**WHAT TO PRODUCE**: Repeat only the lines below that run from the line with "Вечером на Енисей волнами" to the line with "The way the", ends included; skip every picture.

**DATA LISTING**:
* * * * *
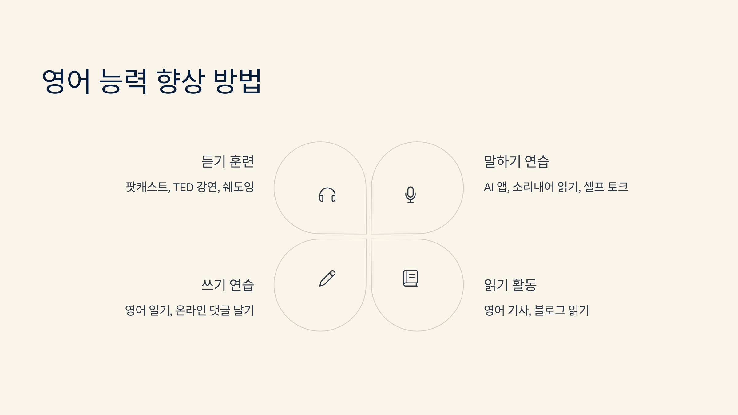 이렇게 네 가지 영역을 균형 있게 학습하면 전반적인 영어 실력을 향상시킬 수 있습니다.
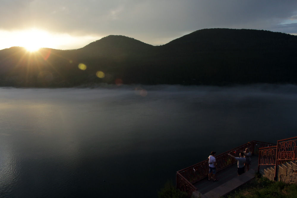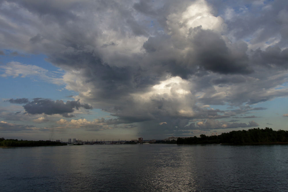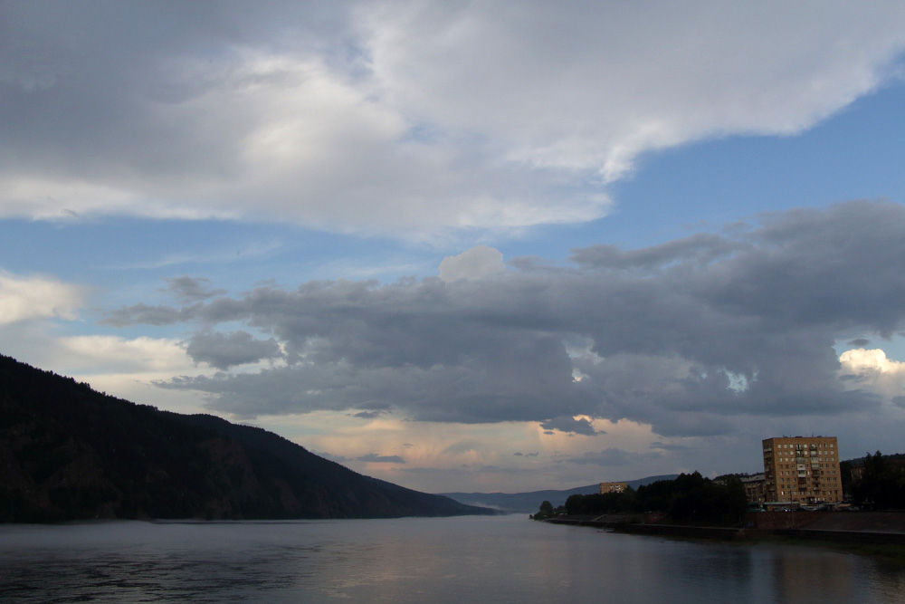 Вечером на Енисей волнами спускаются туманы (тёплый летний воздух соприкасается с очень холодной водой)
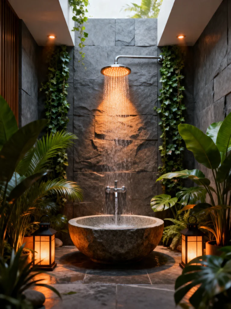 The way the water falls from the oversized rain shower head directly into the basin creates this beautiful, hypnotic sound—like standing under a gentle waterfall in the tropics. And the greenery! Having ivy and ferns climbing the stone walls makes the space feel alive. It’s basically “Forest Bathing” but with the luxury of hot water and privacy.
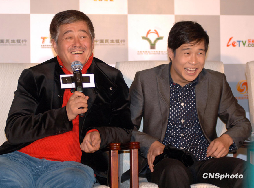12月9日下午,张艺谋喜剧新作《三枪拍案惊奇》在京举行首映发布会,导演张艺谋、大病初愈的赵本山携孙红雷、小沈阳、闫妮、倪大洪、程野、毛毛全明星主创团队齐齐亮相。现场张艺谋、赵本山、小沈阳搞笑不断,引得爆笑连连,上演了一出戏外喜剧。赵本山首度回应了花两亿购买私人飞机一事,称还没有定下来。张艺谋表示会和“赵家班”继续深度合作,并且豪言预计未来的中国电影单部影片票房可能达到2亿美元。图为张艺谋、赵本山、小沈阳成为“笑弹”。中新社发 李学仕 摄
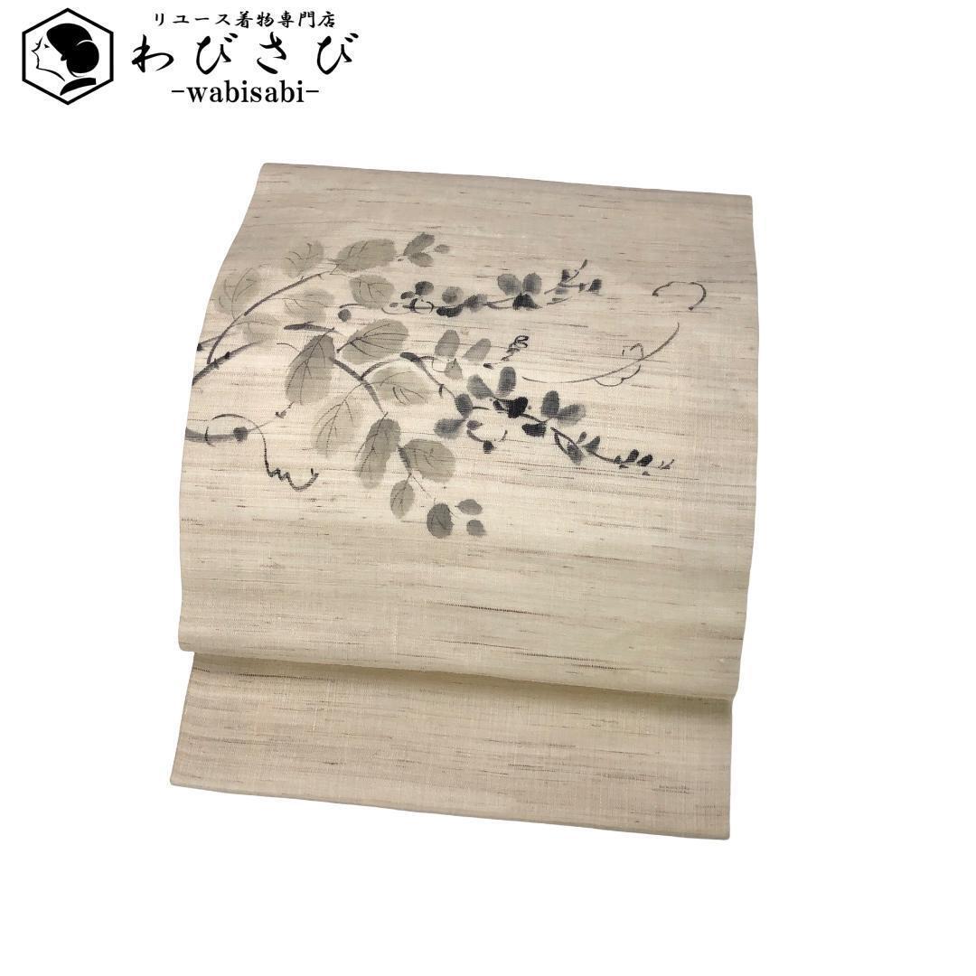 - 夏帯 名古屋帯 麻 手描き 墨描き 蔓葉模様 尾花色 O-5216 着物 きもの kimono 和服 和装 中古 リサイクル着物 【送料無料】
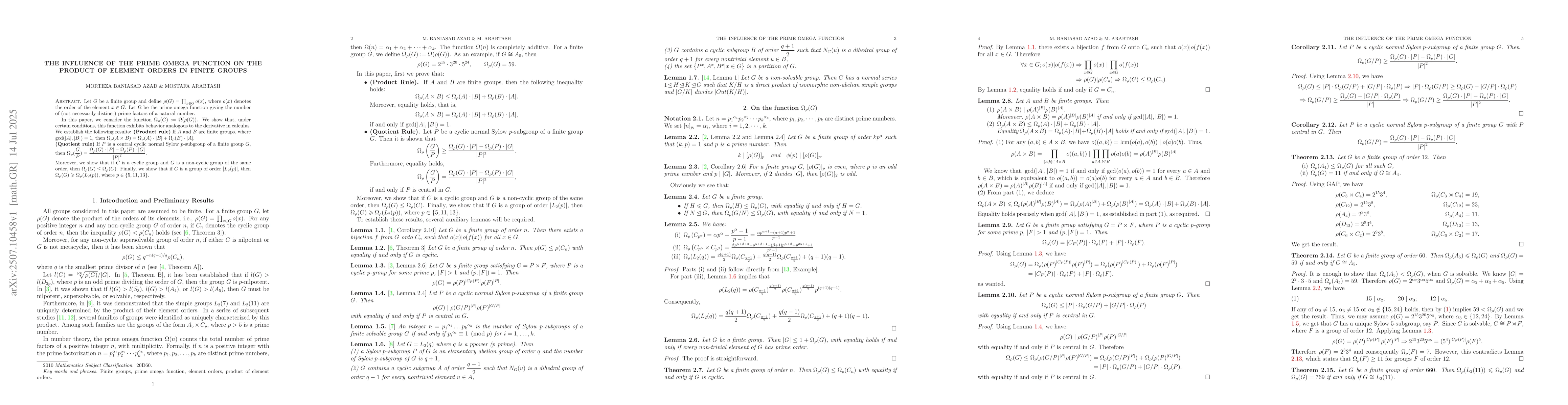 Let $G$ be a finite group and define $\rho(G) = \prod_{x \in G} o(x)$, where $o(x)$ denotes the order of the element $x \in G$. Let $\Omega$ be the prime omega function giving the number of (not necessarily distinct) prime factors of a natural number. In this paper, we consider the function $\Omega_{\rho}(G):= \Omega(\rho(G))$. We show that, under certain conditions, this function exhibits behavior analogous to the derivative in calculus. We establish the following results: \textbf{(Product rule)} If $A$ and $B$ are finite groups, where $\operatorname{gcd}(|A|,|B|)=1$, then $\Omega_{\rho}(A\times B) = \Omega_{\rho}(A) \cdot |B|+\Omega_{\rho}(B) \cdot |A|$. \\ \textbf{(Quotient rule)} If $P$ is a central cyclic normal Sylow $p$-subgroup of a finite group $G$, then $ \Omega_{\rho}(\dfrac{G}{P}) = \dfrac{\Omega_{\rho}(G)\cdot|P|-\Omega_{\rho}(P)\cdot |G|}{{|P|}^2}.$ \\ Moreover, we show that if $C$ is a cyclic group and $G$ is a non-cyclic group of the same order, then $\Omega_{\rho}(G) \leq \Omega_{\rho}(C)$. Finally, we show that if $G$ is a group of order $|L_2(p)|$, then $\Omega_{\rho}(G) \geqslant \Omega_{\rho}(L_2(p))$, where $p \in \{5, 11, 13\} $.
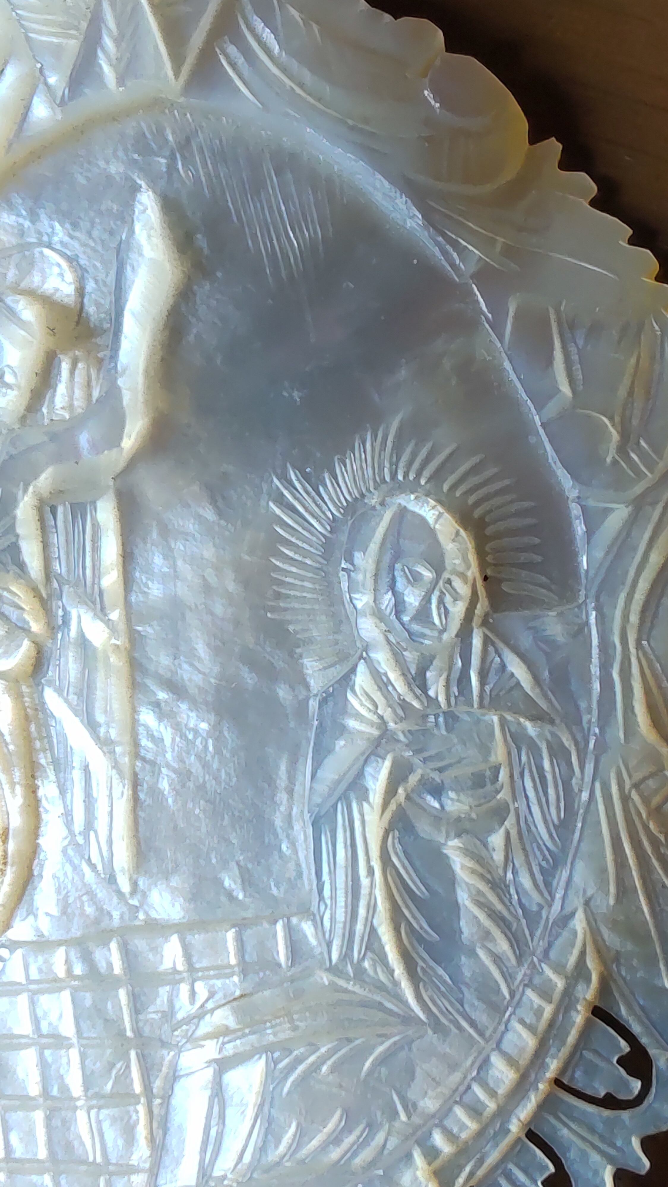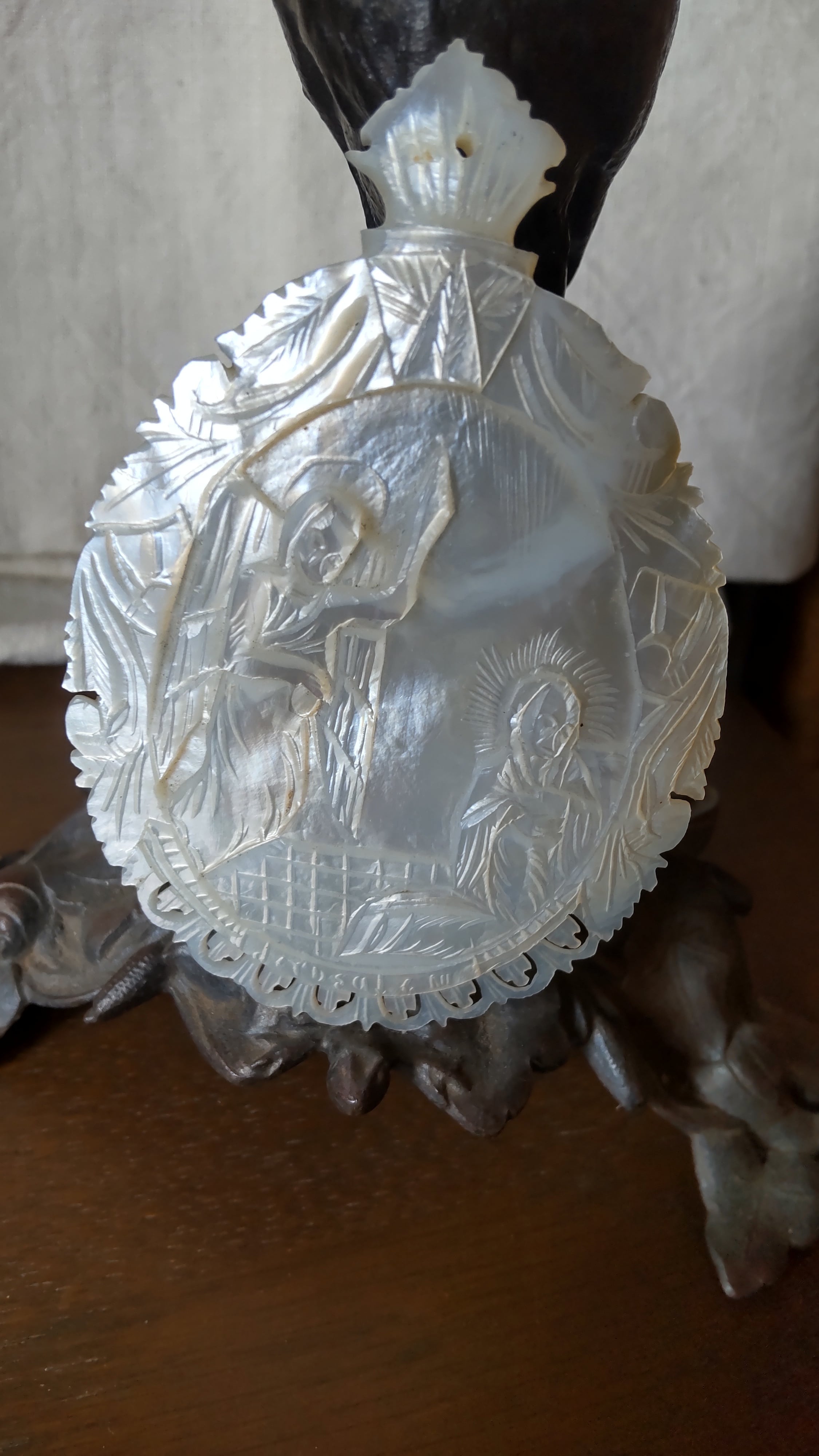 白蝶貝を彫刻したベツレヘムパールの大きなペンダントです。
* * * * *
**SOLUTION FOR THIS PROBLEM**:
 Вечером на Енисей волнами спускаются туманы (тёплый летний воздух соприкасается с очень холодной водой)
 The way the water falls from the oversized rain shower head directly into the basin creates this beautiful, hypnotic sound—like standing under a gentle waterfall in the tropics. And the greenery! Having ivy and ferns climbing the stone walls makes the space feel alive. It’s basically “Forest Bathing” but with the luxury of hot water and privacy.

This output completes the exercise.